WHAT YOU HAVE TO DO
Exact reproduction of all the data is required, with pictures excluded.

INFORMATION SHOWN

-----

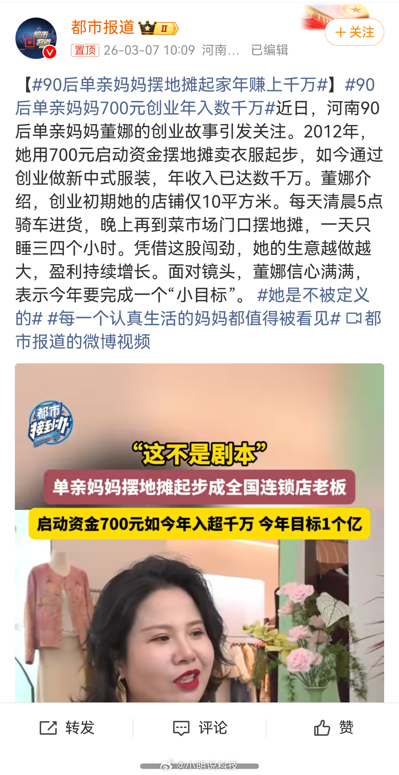 90后单亲妈妈摆地摊起家年赚上千万 这是女强人,真的很佩服!从摆地摊小本起步,一步步做到年入千万,不仅能吃苦扛住压力,还藏着超清醒的商业头脑。果然厉害的人,不管从哪行做起,都能凭眼光和韧劲把路走宽,太励志啦!
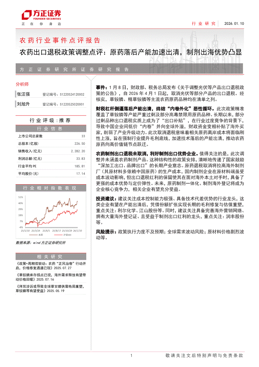 农药行业:方正证券-农药行业事件点评报告:农药出口退税政策调整点评,原药落后产能加速出清,制剂出海优势凸显-260110
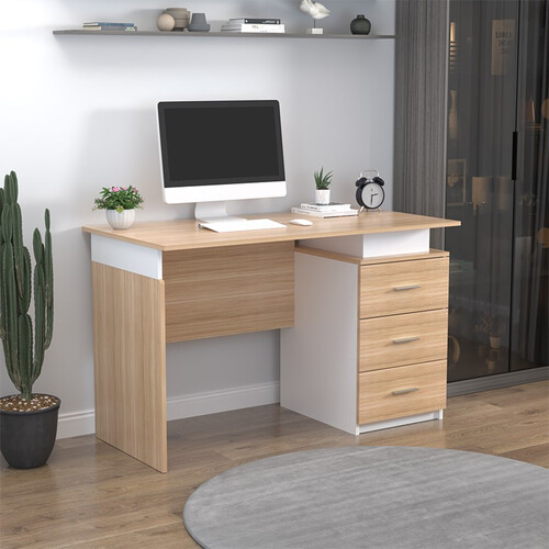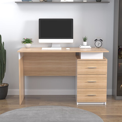 标准的办公桌高度和宽度,大气沉稳,高颜值。右面柜子把手选用磨砂亮银色的金属,手感舒适。配备静音滑轨,展现出色的耐磨性能。

-----

RESULT OF THE EXERCISE
 90后单亲妈妈摆地摊起家年赚上千万 这是女强人,真的很佩服!从摆地摊小本起步,一步步做到年入千万,不仅能吃苦扛住压力,还藏着超清醒的商业头脑。果然厉害的人,不管从哪行做起,都能凭眼光和韧劲把路走宽,太励志啦!
 农药行业:方正证券-农药行业事件点评报告:农药出口退税政策调整点评,原药落后产能加速出清,制剂出海优势凸显-260110
 标准的办公桌高度和宽度,大气沉稳,高颜值。右面柜子把手选用磨砂亮银色的金属,手感舒适。配备静音滑轨,展现出色的耐磨性能。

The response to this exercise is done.